How to extract / recognize text from documents?

Question

How to extract / recognize text from documents?

I need to extract text from uploaded documents to make them searchable. Documents can be MS Word or pdf (scanned or containing text). This application runs on the LAMP stack, but installing other software may be an option. Is there any tool, service, library, or a combination of those that you could recommend for this task?

+4

php ms-word pdf ocr lamp

Maarten Dec 22 '11 at 19:54

source share

3 answers

As far as I know, little can be done with OCR in PHP. The best solution would be to use a cloud service - a web api that allows you to upload an image and send you OCR data. Try www.ocrsdk.com , the cloud-based OCR SDK recently launched by ABBYY. Now it is in beta, so it is completely free to use and has ready-to-use PHP code examples . Disclamer: I work @ABBYY

+3

Nikolay Dec 23 '11 at 8:26

source share

I do not know any software that converts PDF to text, but for the MS Word part, you can use Apache POI: http://poi.apache.org/ , which is built in JAVA, so you will need to execute the binary from your PHP file to make it work.
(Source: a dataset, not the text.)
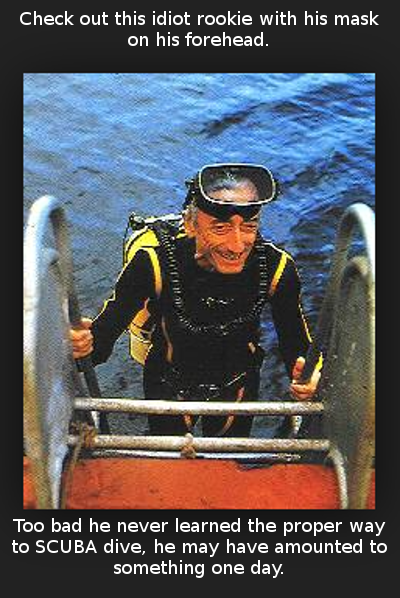 I was out this summer diving with a class. We had a new "assistant instructor". He didn't know I sometimes assist with the rescue course and I go dive with the class. We'd never met. So I go out with the OW class to dive just for the free boat ride while they're doing their class stuff. He sees me in about nipple-deep water with my mask on my forehead and thinks I'm a student in his class and his "I'm gonna be an instructor" Alpha male thing kicks in...in his best "drill sergeant" voice he yells..."Hey you! <pointing finger at me> You with the mask on your forehead! Get that mask of your forehead! Once you're certified then you can wear it any way you want to!"

Another option is to use the JODConverter (which I am currently using for this purpose) http://code.google.com/p/jodconverter/ Therefore, if the Apache POI does not work, I know what jodconverter does. I am using 3.0 beta.

In my PHP code, I save the download and runtime binary to file file in the TMP directory, which will create a new file in the TMP directory and I pull the plain text from the new file.

0

Francis lewis Dec 22 '11 at 20:01

source share

clyfe · Accepted Answer · 2011-12-22T20:01:53+0000

You can use a combination of shell utilities such as pdftotext for PDF files, wvWare for DOC, docx2txt.pl for DOCX, for example textractor rubygem does.

 # on Ubuntu apt-get install wv xpdf-utils links

There are also native php classes for extracting PDF and docx .

Another rubigem that even does OCR for you, though Tesseract, docsplit .

It might be nice to consider Solr for indexing and searching. You can use the Solr Cell plugin to index and search Word, PDF, and other documents. I successfully use it in one of my projects. Solr Cell is based on several projects such as Apache POI , Tika, and PDFBox .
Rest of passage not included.